Nov 14 aft 1
Was updating blog and saw this.
Ruling 2014/2015
Pluto
Queen of Spades
Somehow connected to ur result card you are attempting to develop a sense of mastery from within, a greater level of organisational ability or both. Self mastery comes from inner knowledge and self control. It is knowing u can have everything u want, not by changing the world but by changing yourself.
U will have to work hard this year and possibly doing work that u find somewhat distasteful. Spades are work and the Queen using her work as karma yoga, a tool to purify her tots and emotions.
This is the goal u have set for urself and u must have good reason for why u want this. Keep this uppermost in ur mind as u progress through the year. U will no doubt have to make changes within and outside of urself to achieve this goal.
Affirmation
I develop my capacity to transform my life by changing my beliefs, ideas, and concepts of the world. I become the master of myself.
Result
Nine of Clubs
Much of ur challenges is to let go of outworn ideas, projects, plans or way of communicating. This is a year of completion that may at times seem like disappointing endings.

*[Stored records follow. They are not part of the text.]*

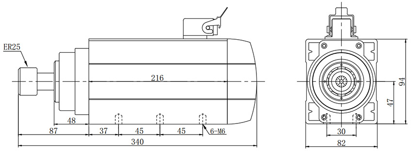 - Spindle motor with air cooling fan and ER25 collet ensures smooth running.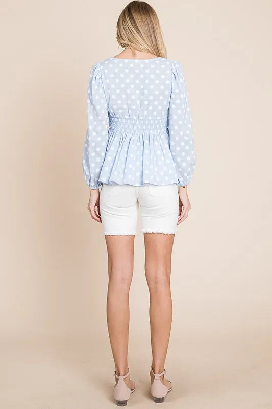 Make a statement with this polka dot print balloon sleeve babydoll peplum top. The polka dot print adds a playful and retro-inspired touch to the top. The balloon sleeves create a dramatic and eye-catching silhouette. The babydoll peplum design is flattering and adds a feminine flair. Pair with jeans or a skirt for a stylish and chic ensemble. Stand out in style with this trendy and unique top.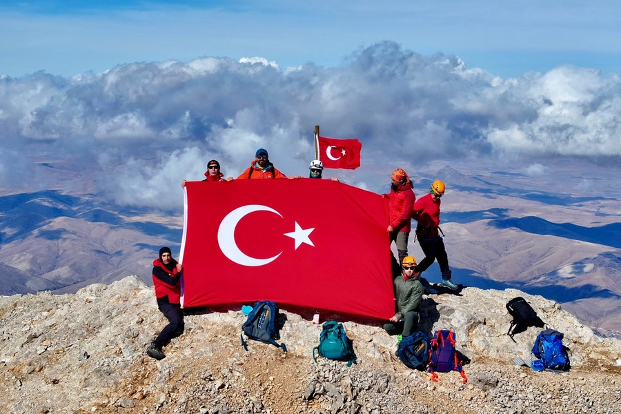 Dağcılar zirvede Türk bayrağını dalgalandırarak Cumhuriyet’in 102. yılını kutladı. Ay yıldızlı bayrak eşliğinde saygı duruşunda bulunulup İstiklal Marşı okundu. Zirvede yaşanan duygusal anlar objektiflere yansıdı.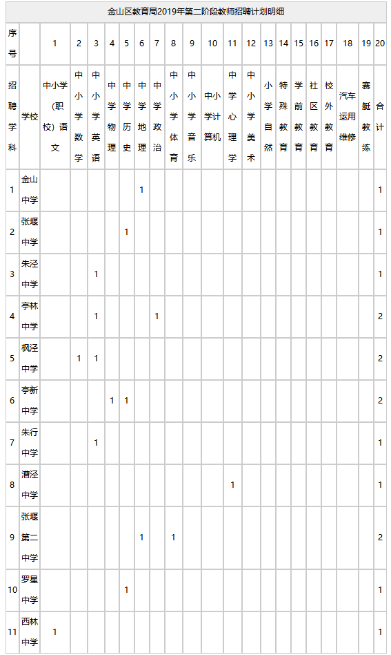 2019年金山第二批教師招聘148人崗位表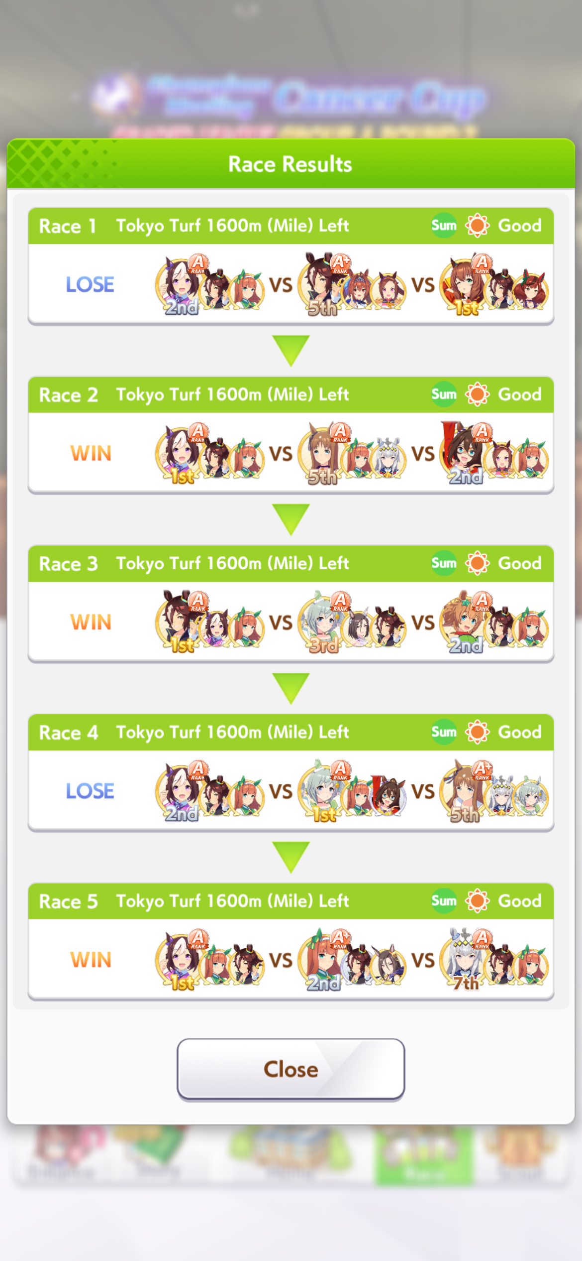 >>542587294Heh, I'm pulling for her and just hoping I get maruzensky spooked.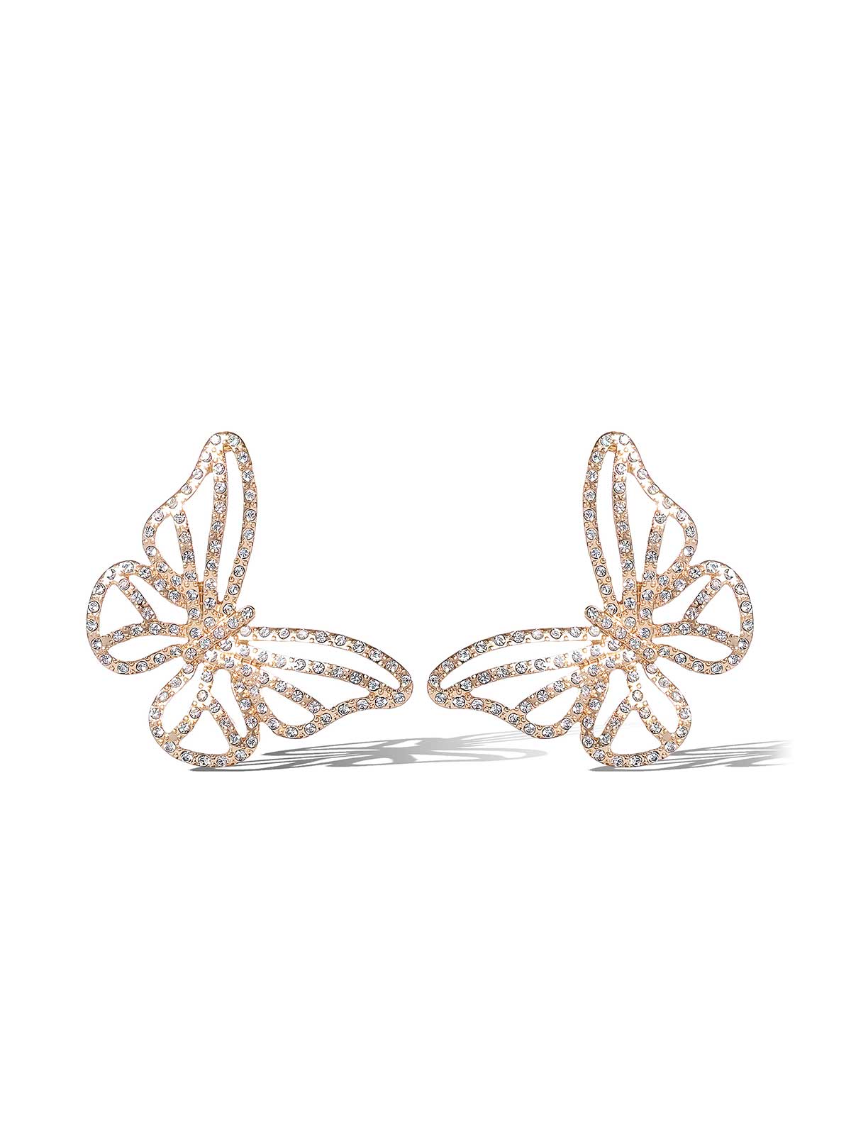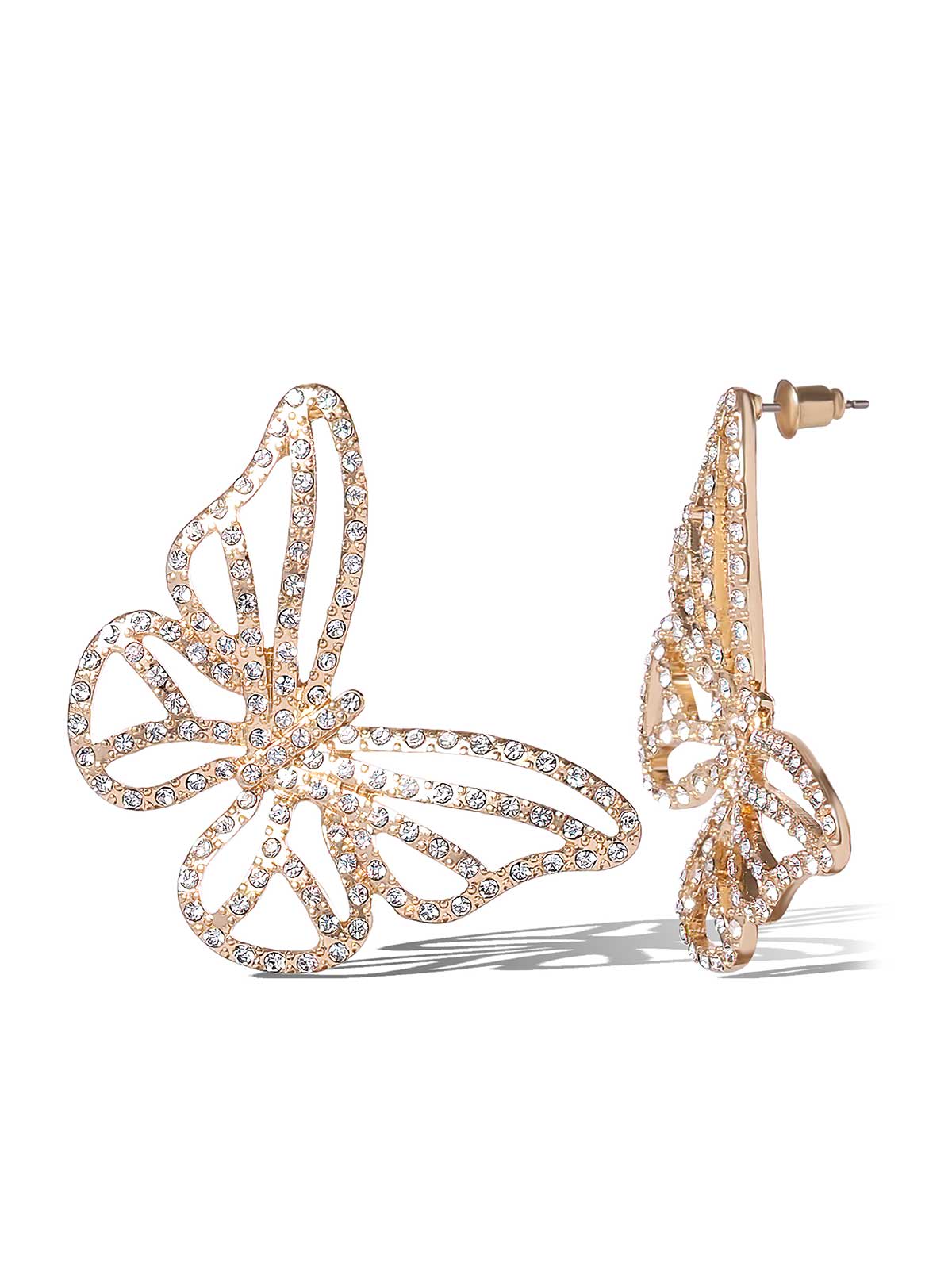 Take flight in style with these enchanting butterfly statement earrings, designed in an elegant openwork silhouette and encrusted with shimmering clear crystals. Set in a glowing gold-tone finish, these lightweight beauties make a magical impression—perfect for adding sparkle to any day or night look.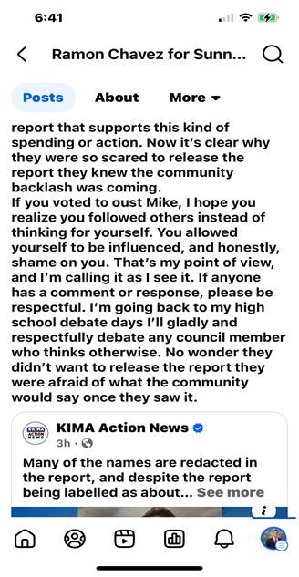 Ramon Chavez, candidate for Sunnyside City Council District 4, publicly condemned the report in a viral Facebook post Wednesday night. His message, posted on his campaign page, accused the City Council of wasting taxpayer dollars and allowing politics to override truth.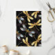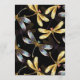 Seamless pattern with gold, jewellery, shiny dragonflies with detailed, sparkling wings on black background. Gold dragonfly.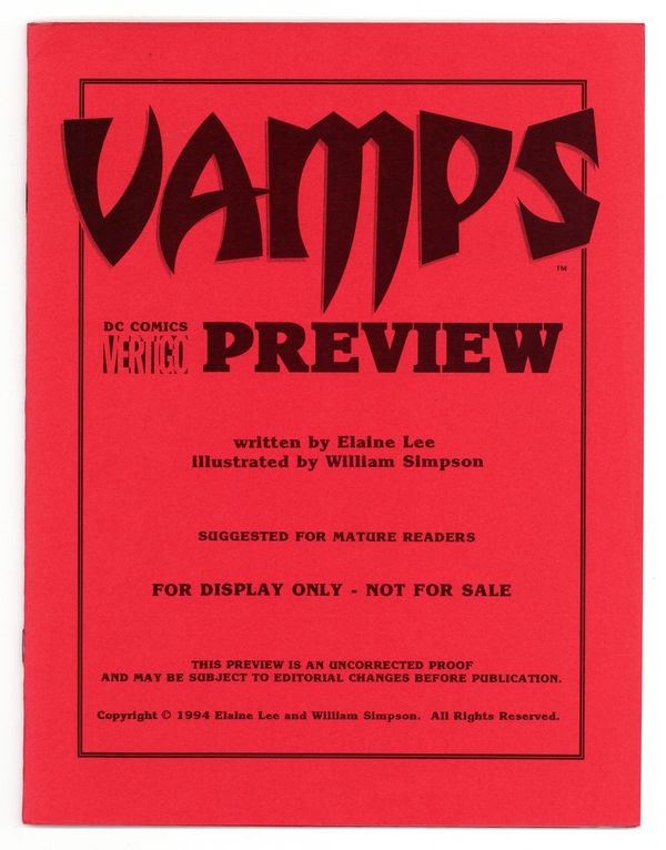 Retailer Preview. Story by Elaine Lee. Art by William Simpson. These booklets were sent to retailers to help promote the upcoming series. Uncorrected proof of the first 24 pages of Vamps (1994) #1. Saddle stitched. 8 1/2" X 11". B&W. 32 pages.

The Nine of Clubs says that u are completing a major chapter in ur life and it is time to move on to greener pastures.
Be open to spiritual wisdom in all forms, as this will help make change easier.
Affirmation
I complete projects this year and let go of the past. I broaden my understanding by releasing old ways of thinking.
Soul
Alas, firstly got the INFJ which truly helps to clear off judgement against myself.
Now learning about Empathy in my personal relationships truly helps me.
And alas message from Sadhguru; being joyous is of higher scale than being loving. That in itself is the greatest affirmation that I need.
I have been judging myself for years on this, also some people like Pe and L also did.
I guess thats why L's criticism hurts cos she said I am not loving..
I admit I am not..but I am joyous...and being joyous means I need not involve myself with her negativity and her unhappiness and her constant bad judgement. It was draining to be with her. I was being with her not out of frienship but more of seeing her as potential resources for local Isha. My intention is not 'clean'.
Anyway, thats out.
Looking bad at that day, I was truly feeling down and dejected and was cyring loads being a Sathsang guide, so definitely can't go down further by entertaining her calls. Hence I ignored her calls. It may not seen to be loving..but it was loving to me.
I suppressed my needs so much that I need to come first.
And now learning empathy for myself...and in time can have empathy for others in work.